On this subject, it is impossible for me to advance anything new. It was exhausted by Mr. Madison, in the debate of 1789, in the House of Representatives. I am confident the Senate will indulge me whilst I read two extracts from his speeches on that occasion, delivered on the 16th and 17th June, 1789. The first was delivered on the 16th June, 1789, and is as follows:
“By a strict examination of the Constitution, on what appears to be its true principles, and considering the great departments of the Government in the relation they have to each other, I have my doubts whether we are not absolutely tied down to the construction declared in the bill. In the first section of the first article, it is said that all legislative powers herein granted shall be vested in a Congress of the United States. In the second article, it is affirmed that the executive power shall be vested in a President of the United States of America. In the third article, it is declared that the judicial power of the United States shall be vested in one Supreme Court; and in such inferior courts as Congress may, from time to time, ordain and establish.
“I suppose it will be readily admitted, that so far as the Constitution has separated the powers of these great departments, it would be improper to combine them together; and so far as it has left any particular department in the entire possession of the powers incident to that department, I conceive we ought not to qualify them further than they are qualified by the Constitution. The legislative powers are vested in Congress, and are to be exercised by them uncontrolled by any other department, except the Constitution has qualified it otherwise. The Constitution has qualified the legislative power, by authorizing the President to object to any act it may pass, requiring, in this case, two-thirds of both Houses to concur in making a law; but still the absolute legislative power is vested in the Congress with this qualification alone.
“The Constitution affirms, that the executive power shall be vested in the President. Are there exceptions to this proposition? Yes, there are. The Constitution says, that in appointing to office, the Senate shall be associated with the President, unless in case of inferior officers, when the law shall otherwise direct. Have we a right to extend this exception? I believe not.

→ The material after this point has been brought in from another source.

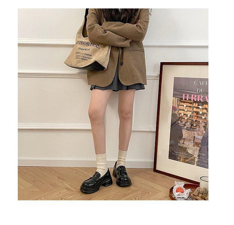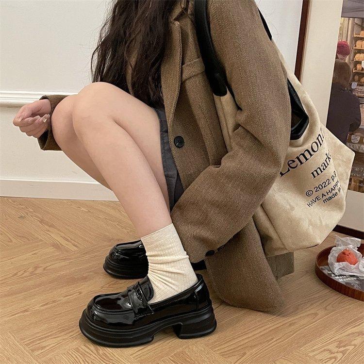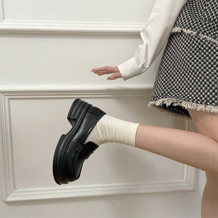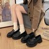 Mocasines de Plataforma Negros de Otoño 2025 para Mujer Nuevo Estilo Británico Aumento de Altura Versátiles Zapatos Pequeños de Cuero Slip-on Zapatos de Suela Blanda

If the Constitution had invested all executive power in the President, I venture to assert that the Legislature has no right to diminish or modify his executive authority.”
Again:
“The doctrine, however, which seems to stand most in opposition to the principles I contend for, is, that the power to annul an appointment is, in the nature of things, incidental to the power which makes the appointment. I agree that if nothing more was said in the Constitution than that the President, by and with the advice and consent of the Senate, should appoint to office, there would be great force in saying that the power of removal resulted by a natural implication from the power of appointing. But there is another part of the Constitution, no less explicit than the one on which the gentleman’s doctrine is founded; it is that part which declares that the executive power shall be vested in a President of the United States.